Whenever one is transitioning from one relationship to another it is almost impossible not to compare what was with what is on offer.  So, in order to beat that particular demon we talked about last loves and expectations.  Frankly it was wonderful to just be in the same room as a man who one found attractive rather than the constant yearning of the past 6 months.   The more I sat with this strange new boy the more at ease I became and the more attractive he seemed to me.  But unlike the last I would have to work a great deal harder to capture this butterfly.

For a start-I am not and will never be his physical type.   If we have types…I suppose I may surpass types.   I am the charismatic, art collecting, goat rearing, F150 driving, Vivienne Westwood wearing anomaly so getting to have dinner with me is just about me and who I am.

Of course he knew more about me than I him as my life is flayed all over the Internet.   He looked at me with curious blue eyes.  At times he was deliciously coy. This man/boy is incredibly well-educated with a compelling story and good connections.   A bit deaf-or maybe I was mumbling.  Our recent experiences with men have confused us.  I urged him not to let these last encounters destroy what we love most about men…anyhow it is the very essence of jade that is peculiar to gay men and is as attractive to me as rat poison.   It is true to say however that we are both a little bruised by recent loves, a little reticent.   I want to meet men unfettered and with abandon.  It is my aim.

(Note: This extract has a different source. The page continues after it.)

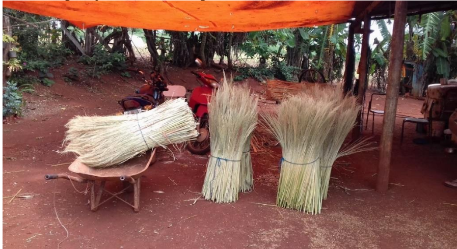
Figura 10 - Preparação da vassoura para ser comercializada (Assentamento Eli Vive).

He is a recent émigré to LA so enjoying all that the city has to offer.  Irritatingly, unable to stop myself, I began a tirade against my adopted home and found myself saying things to him that I didn’t even believe anymore-it’s just easier to gripe about Los Angeles rather than take ownership of it.

Of course he is strikingly good looking…a willowy boy, tall, and slim like an 18th century romantic hero.   An extraordinary gait.   Floppy blond hair and the most beautiful nose.  He drank one glass of white wine, which scarcely seemed to affect him at all.   We ordered three courses because I knew that today I was going to go on a diet and start my gym training with David at Gold’s in Venice.

Rabbit good.  Bratwurst bad.  Cakes divine.

I have no idea if I will kiss his neck or sweep the blond hair out of his eyes.  I have no idea if we will meet in Paris or drive to San Francisco on a whim but there’s a chance that we may and if we don’t, well…I know I made good choices tonight.  Good for my brimming heart.